LakeSoul supports a more efficient Upsert mechanism in the case of hash partitions and Upsert operations on hash keys. Within each hash bucket, LakeSoul sorts the files by the hash key. After executing Upsert multiple times, you have multiple ordered files. Merge on Reading for a Read operation by simply merging these ordered files. Upsert is shown as follows:

In this way, LakeSoul achieves high write throughput while maintaining read speed through highly optimized ordered file merging.

2.4 Real-time counting function
LakeSoul is committed to simplifying the landing application of big data lakehouse, hoping to provide concise and efficient real-time data warehouse capability for data development. For this purpose, LakeSoul has specially developed and optimized several practical functions, including CDC, SCD, TimeTravel, etc., for the common business scenarios of the real-time data warehouse.
LakeSoul CDC provides a separate set of CDC semantic expressions. LakeSoul can interconnect with various CDC acquisition sources such as Debezium, Flink, and Canal by specifying an operation column in the CDC undertake table as the CDC semantic column. Convert the action column of the collection source to the LakeSoul CDC action column. In the case of online OLTP database synchronization to LakeSoul, LakeSoul's accepting table can also adopt the hashing bucket method and write CDC into Upsert for hashed keys, achieving a very high CDC synchronization speed.

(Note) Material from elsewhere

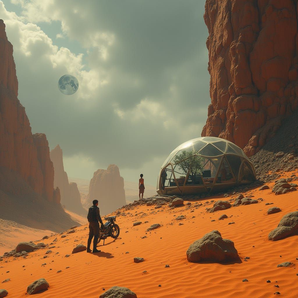This image shows an alien landscape featuring orange sand dunes and basalt formations beneath a stormy sky. A figure in a Fremen suit gazes towards a geodesic dome, while a woman looks out in outrage. The image has photorealistic qualities.

3. LakeSoul application scenario Example
3.1 CDC Real-time Large-screen Report Synchronization
To analyze the data in the online database in real-time, it is usually necessary to synchronize the online data to the data warehouses and then perform data analysis, create BI reports and display large screens in the data warehouse. For example, during the e-commerce promotion festival, it is better to reveal the consumption amount, order number, and inventory number of provinces, regions, and groups on a large screen. However, these transaction data come from the online transaction database, so it is necessary to import the data into the data warehouse for multidimensional report analysis. If a periodic dump database is used in such scenarios, the delay and storage overhead is too high to meet the timeliness requirements. Besides, real-time calculation of Flink has the problem of cumbersome development operation and maintenance.
Using LakeSoul CDC real-time synchronization and converting to Upsert in case of the primary key operation, extremely high write throughput can be achieved. Data changes in the online database can be synchronized to the data warehouse in a near real-time manner, and then BI analysis of online data can be carried out quickly through SQL query. Through Debezium can support a variety of online databases, including MySQL, Oracle, and so on. The application of CDC into the data lake can greatly simplify the data lakehouse real-time intake update architecture.

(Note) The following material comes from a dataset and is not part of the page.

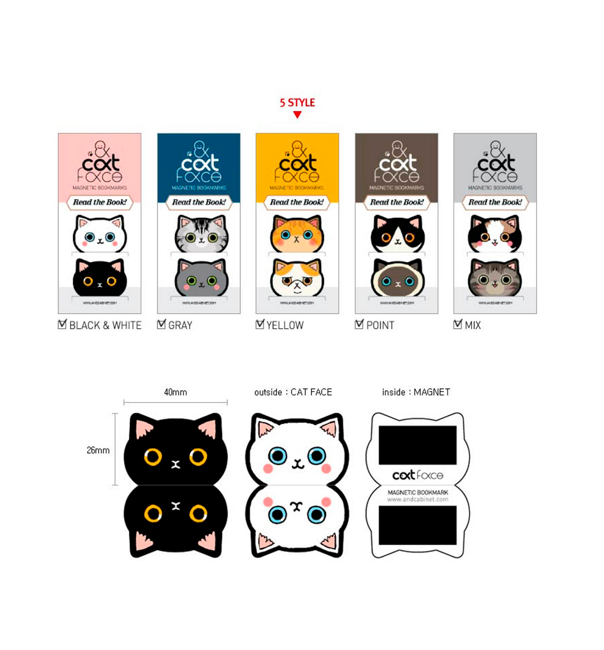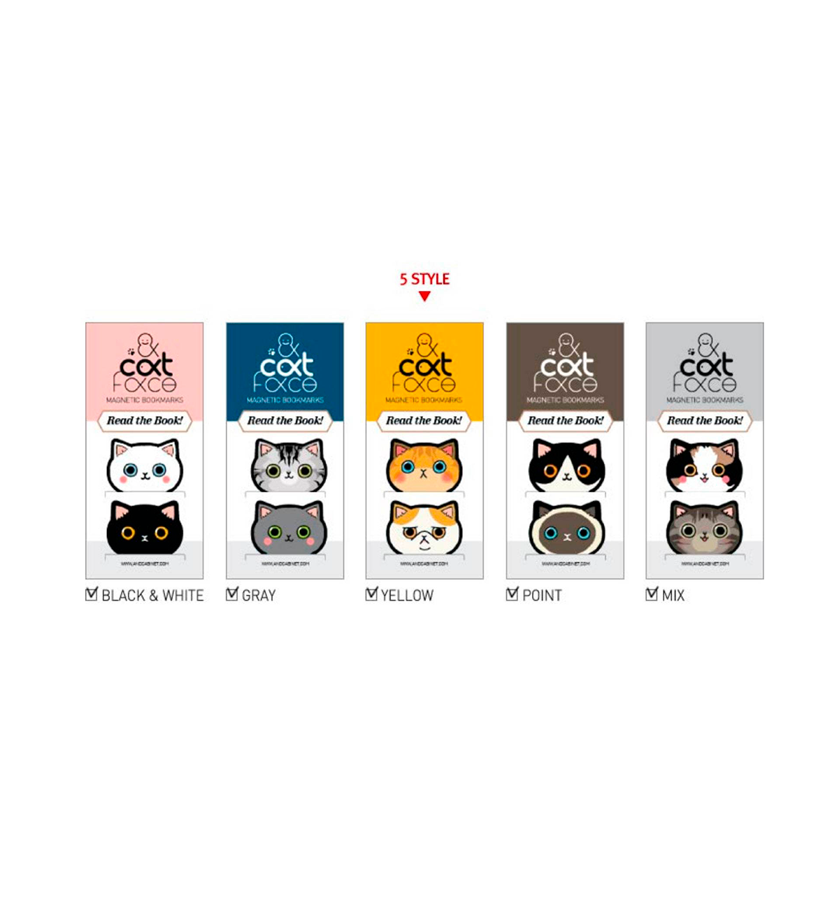 Quantity: 2 cat faces bookmarks. This comes in set of 2 and in different 5 different designs: Black & White, Gray, Yellow, Point and Mix.

LakeSoul provides a LakeSoul CDC MVP validation document: https://github.com/meta-soul/LakeSoul/blob/main/examples/cdc_ingestion_debezium/README-CN.md, which contains a complete real-time with the CDC into the example of the lake, Interested can refer to.

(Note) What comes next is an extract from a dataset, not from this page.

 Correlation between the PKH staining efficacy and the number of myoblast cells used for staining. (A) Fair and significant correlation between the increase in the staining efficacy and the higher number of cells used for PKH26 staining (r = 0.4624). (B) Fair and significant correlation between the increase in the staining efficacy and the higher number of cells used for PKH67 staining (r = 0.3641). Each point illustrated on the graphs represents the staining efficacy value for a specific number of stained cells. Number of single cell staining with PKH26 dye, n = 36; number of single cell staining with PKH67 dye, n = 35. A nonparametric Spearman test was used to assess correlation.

3.2 Real-time sample database construction of recommendation algorithm system
A common requirement in the recommendation algorithm scenario is to combine multiple tables, including user features, product features, exposure labels, and click labels, to build a sample library for model training. Offline Join also has problems of low timeliness and high consumption of computing resources. However, many previous schemes use Flink to carry out multi-stream Join through the real-time stream. However, in the case of a large time window, Flink also occupies high resources.

In this case, LakeSoul can be used to build a real-time sample library to convert a multi-stream Join into a multi-stream concurrent Upsert. Since different streams have the same primary key, you can set that primary key to a hash partition key for efficient Upsert. This approach can support Upsert with large-time Windows while ensuring high write throughput.

Above is the design concept and application case of LakeSoul. It can be seen from these that LakeSoul is very innovative and has advantages in performance. This is also the reason why I choose to use LakeSoul, although it is only an open-source project with the star of only 500.